Вот тут-то и зазвонил телефон.

Я рванула в большую комнату. Что-то претило, мешало называть ее "залом", как соседка тетя Валя или Ситникова Лариса. Может, потому что в ней почти не было мебели: тахта, два кресла да журнальный столик. Глупый какой-то столик, на нем вечно гнездились неподходящие вещи: чашки, две-три пепельницы, банка от монпасье с окурками "Шипки" - персонально отчимова. Ошейник там валялся собакин, пряники в кулечке и много маминых бумаг, много маминых книг, чьи-то тренировочные штаны, пользуемые вместо пыльной тряпки. Стоял еще приемник "Спидола", отчим то и дело выколупывал из него какие-то детальки, они жили потом на столике месяцами, а приемник почему-то работал, родители его слушали по ночам, хоть что там слышалось - свист, хрипение, два-три слова, потом визг, потом гитара... Это называлось -"ловить крамолу". Телефон поставить было некуда, он поселился на полу под креслом, и прежде, чем схватить трубку я присела на корточки:

- Але!

- Квартира Петровских?- осведомились хрипловато.

- Вообще-то тут Петровских мало, - заполошенно сказала я, - вам Иконникова? Или Кац?

- А кто это - Кац? - спросили растерянно.

- Это моя мама.

- Да нет, мне не надо Кац. Петровская, ты?

Я неуклюже, по-лягушачьи плюхнулась с корточек - зад перевесил, или ноги устали, или просто Андрюшин голос оказался таким взрослым по телефону.

- Петровская, ты? Наташка...

Я тихо опустила трубку на рычаг. Это было уже слишком. Я что-то слишком много обретала. Маргаритину блузку, Маргаритину уверенность, Маргаритину победительную силу в борьбе с Варварваррой - потому что на самом деле все это было Маргаритино. И Андрюшин звонок тоже принадлежал Маргарите. "Ты мне не нужна", - выводила Маргарита пальцем с моим дотла обгрызенным ногтем по мягкой бахромчатой пыли, покрывающем мой письменный стол. " Ты мне не нужна..."

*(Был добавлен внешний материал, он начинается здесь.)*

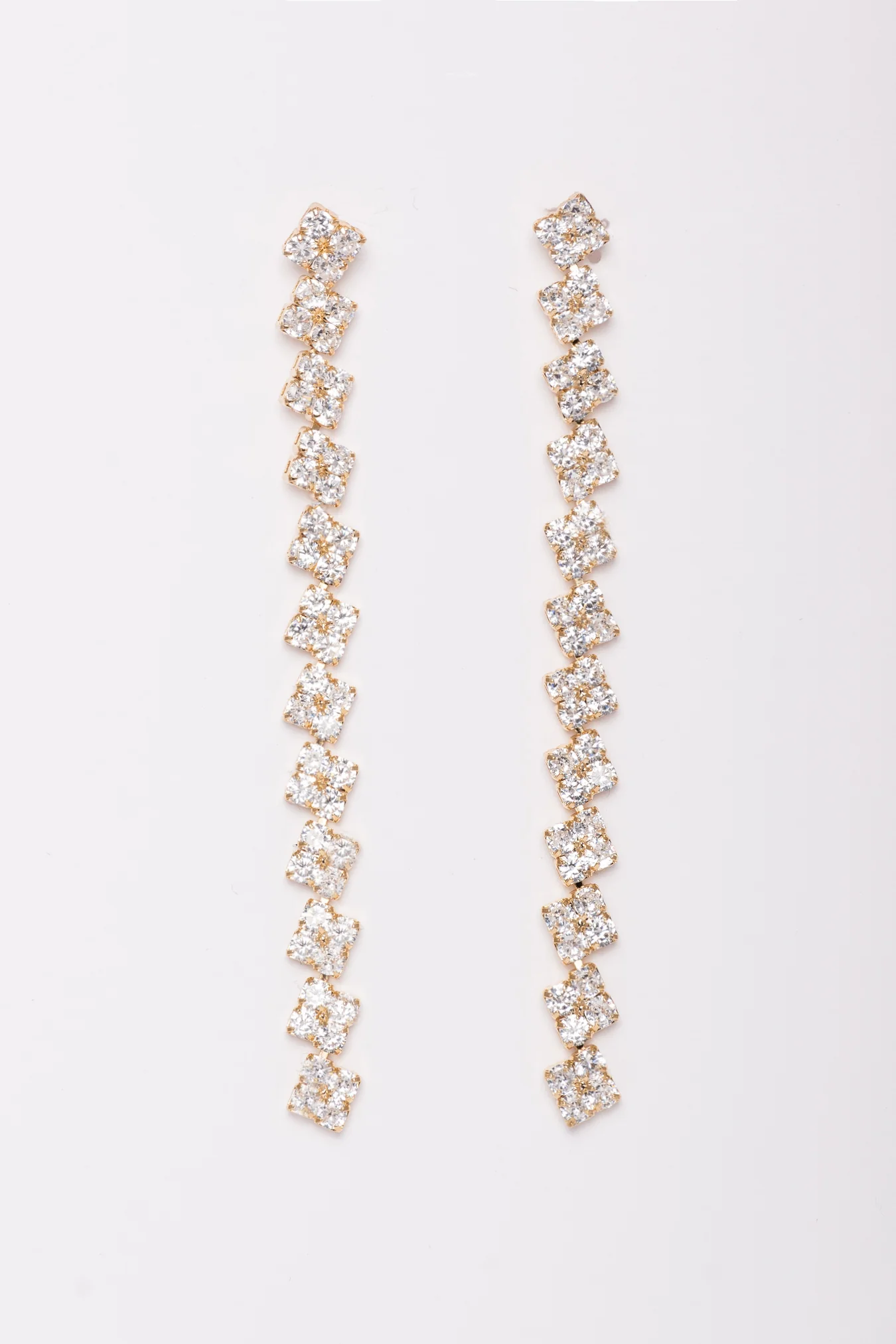 Los Pendientes Flor son unos pendientes largos compuestos múltiples aros y circonitas baguette,

В кухне ворчала собака. Шуршал промасленной бумагой отчим, делал ей бутербродики. Собака ворчала, потому что бутербродики он делал неторопливо, а может, потому что хотела вовсе яблока или малосольного огурца, любила, ибо совсем была дуреха.

Мама беспорядочно чиркала спичкой о коробок.

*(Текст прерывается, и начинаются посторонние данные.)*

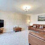 An exceptional room in terms of size and presentation and having double glazed french doors with adjacent windows opening to and overlooking the rear garden. Further deep window overlooking the rear garden and second double glazed window overlooking the garden. Sunken ceiling lights, part carpeted and part with wood grain effect flooring to the kitchen area which has soft close base cupboards and drawer units with wood block working surfaces over and upstand together with eye level cabinets and a tall larder cupboard with pull out shelves. Enamel one and a half bowl sink unit with drainer and flexible dual headed mixer tap. Built in dishwasher and a range master five ring electric hob with stainless steel splashback and cooker hood over. This room also has a radiator with cover, door to utility room and with a door to an under stair store cupboard in which are housed the control units for the solar panels.

- Борисовское ПДО,- сказала надменно,- тьфу! Купил бы ты мне, что ли, зажигалку. Красиво, когда молодая женщина на софе с чашкой мокко и японской зажигакой.

- Красиво, когда молодая женщина на софе без чашки мокко, без зажигалки и без всего остального, - угрюмо проговорил отчим.

Я слушала, стоя в коридоре. На меня пялились по-кремлевски красные кирпичики, неровно нарисованные маслом на стене. На меня норовили свалиться рога, висящие на одном жалком гвоздишке. Меня могла учуять Пенка, и могли учуять родители, мне могло крепко влететь и должно было крепко влететь за их неосторожно громкие разговоры и мои настороженно большие уши, а я стояла и не боялась. Во мне переливалась отважная кровь Маргариты, переданная с красной вискозой, даровавшая мне так много и за такой короткий срок. " А Андрюша еще позвонит,- думала я,- позвонит как миленький. Куда он денется?"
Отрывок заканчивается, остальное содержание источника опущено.